Lesson 1: Corporate Buy Backs
As a public company General Electric (GE) used the "corporate buy back" stock strategy. They would make money from GE Capital via bonds/loans and they would use the interest earned to buy back GE stock from the public. This would reduce the supply of shares to the public and in-turn increase the GE stock price.
History proved this to be a very risky and questionable strategy. With hindsight bias the "corporate buy back" is only advisable if a company has excess cash and if the stock is undervalued compared to a companies true intrinsic value. If other companies ever use the "corporate buy back" tactic they should be mindful of the market sentiment and let a third party non bias expert determine the public companies true intrinsic value.

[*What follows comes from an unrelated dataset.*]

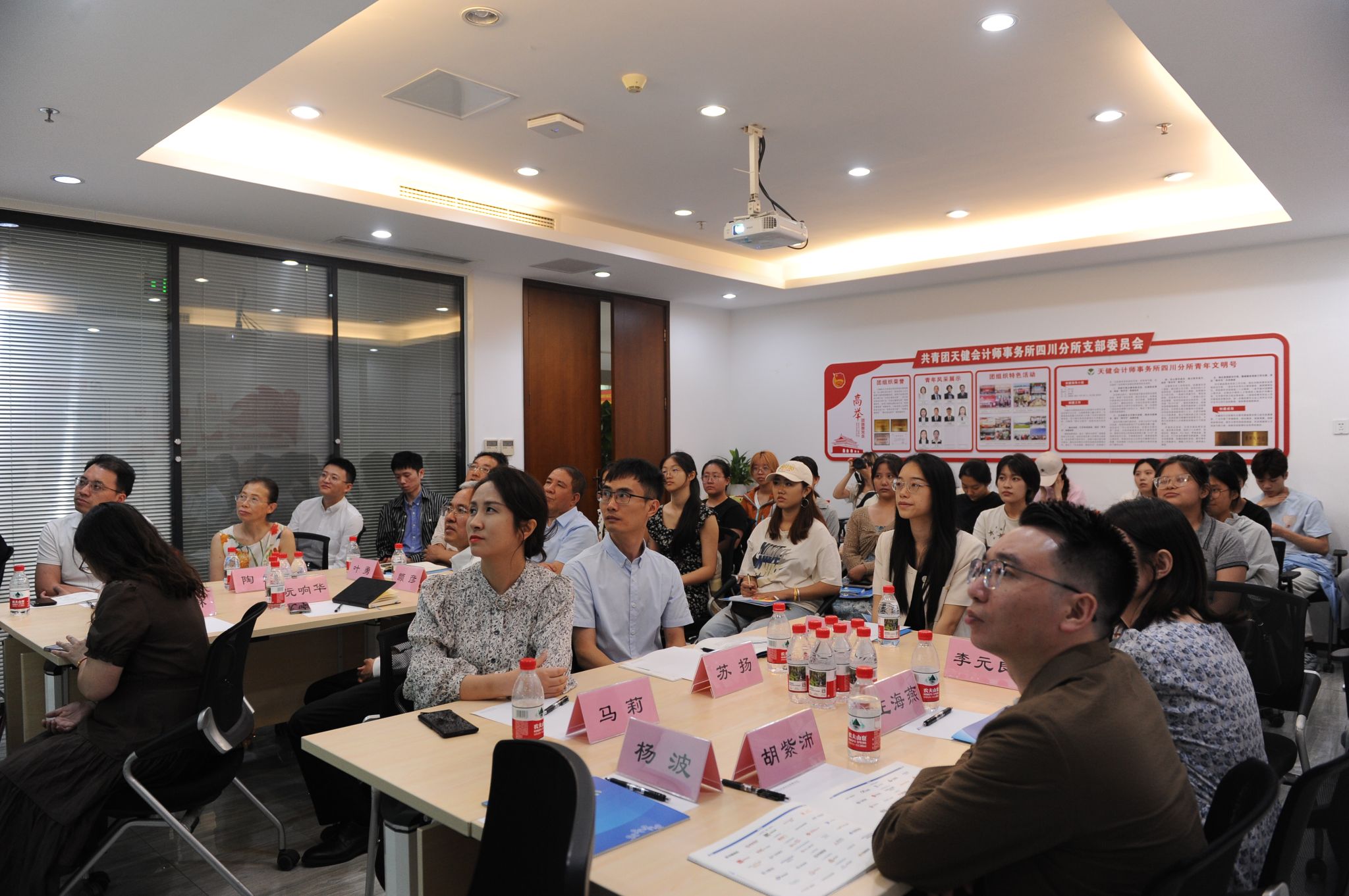 参观结束后,师生落座会议室,与事务所工作人员展开交流讨论。四川省注册会计师协会秘书长颜彦鼓励青年在会计行业坚守深耕,铸就复合型专业能力;四川分所总经理阮响华剖析了当今会计行业数字化转型以及行业边界模糊化的趋势,向交大学子发出实践邀请。随后,学院会计系主任叶勇介绍了学院会计专业的发展历史,期待通过本次交流参访进一步深化校企合作,为学生打开广阔的实践平台。

Lesson 2: Locking in Longterm Contracts and Manufactured Hype affect Stick Prices. But the Truth Prevails.
GE sold expensive hardware at low margins. Then they made their true profits from maintenance contracts. Sometimes they even sold their hardware at a discount in exchange for absurdly long maintenance contracts. After they had these long contracts locked in they exaggerated the upcoming market affects of their corporate research advancements and how hardware maintenance would become more efficient upon time for contract renewal. They used these assumptions to lie on quarterly statements and trick investors into over valuing the stock.
Lesson 3: Company Culture and CEO Correlations are Different for Larger Organizations
All these schemes and market manipulation tactics caught up with GE and their stock eventually plummeted. They tried to replace the CEO and save their company perception a few times. The GE story exemplified how changing CEO's can be misleading. Just because a CEO is replaced does not mean that company culture will change. If the Board of Directors who are in charge of a CEO are largely influenced by the past, then the new CEO will typically be fighting an uphill battle.